The scale of the organisational challenge is potentially enormous: the UK-based EBI, one of the organisations helping to create the site, has an overall storage capacity for more than 300 petabytes of data – the equivalent of about 300 million gigabytes – and its website gets approximately 60 million hits a day.
Labs across the world have been sending in thousands of sequenced coronavirus genomes, which can be used to track how it spreads by looking at mutations and allow drug and vaccine makers to understand which parts of the virus’s genome are mutating and which are not.
This sharing of virus genomes has been done “much better than for everything else”, said Frank Aarestrup, head of the research group for genomic epidemiology at the Technical University of Denmark, one of the institutions that has helped create the portal.
Right from the beginning of the outbreak, he said, Chinese scientists deposited sequences with GISAID, an internationally run database set up in 2008 to store virus data in the aftermath of sharing failures during the avian flu outbreak two years earlier.
Other types of data that are also potentially useful in the effort against coronavirus are more fractured, however. For example, sets of patient imaging and genetic data collected by hospitals can be used to discover if certain genetic markers made some people more vulnerable to Covid-19, explained Dr Apweiler.

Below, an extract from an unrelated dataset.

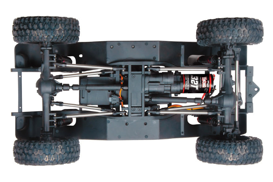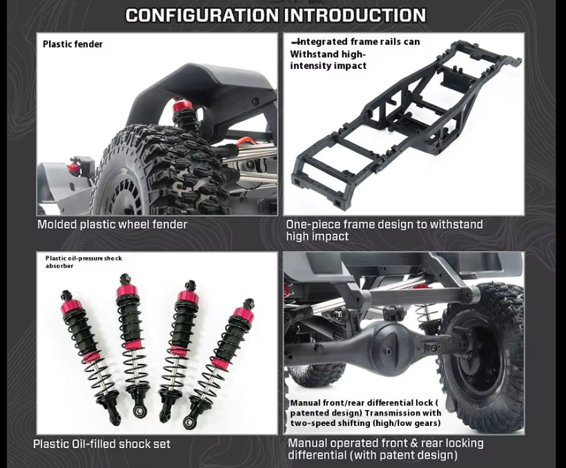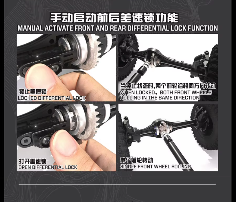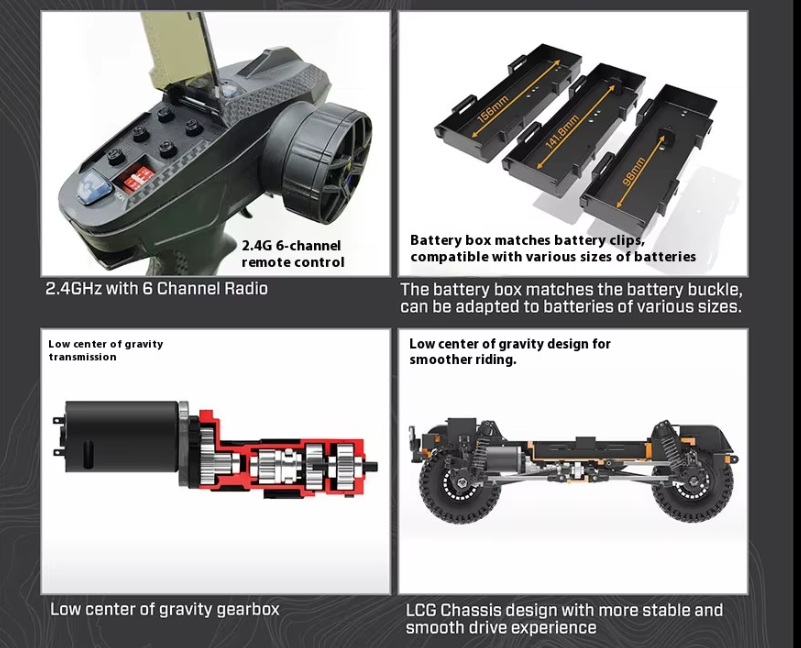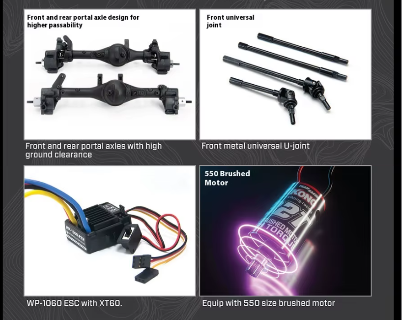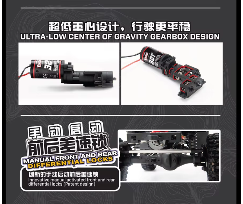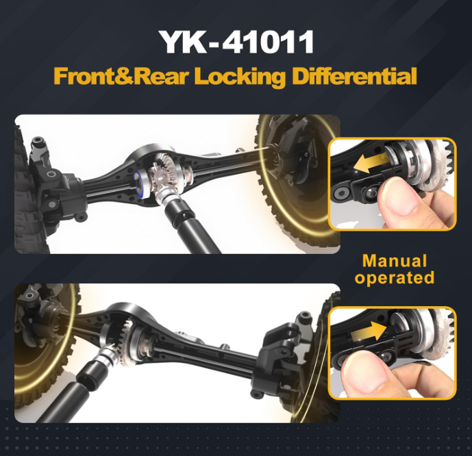 Gracias a sus portal axles metálicos, el YK41012 obtiene gran distancia al suelo y una excelente capacidad para trepar sobre rocas, raíces o desniveles. Su suspensión con amortiguadores de aceite otorga articulación suave y estabilidad en terrenos irregulares. Los diferenciales bloqueables manualmente permiten ajustar la tracción según el terreno, mientras que la transmisión LCG mejora el equilibrio del vehículo en ascensos pronunciados. La tracción 4x4 con drivetrain metálico garantiza agarre y durabilidad en condiciones extremas.

However, “a lot of the data is not collected in a way that is useful outside the hospital situation”, he said. The hope is that the portal “can help to make progress in making data gathered in a healthcare setting faster and more useful for research”, he added.
This “decentralised” patchwork of patient data, collected at the national or even regional level and often protected by privacy barriers, is “Europe’s biggest challenge and our biggest opportunity”, said Niklas Blomberg, director of Elixir, an intergovernmental organisation attempting to create a single infrastructure for life sciences data and resources, and another of the organisations working on the portal.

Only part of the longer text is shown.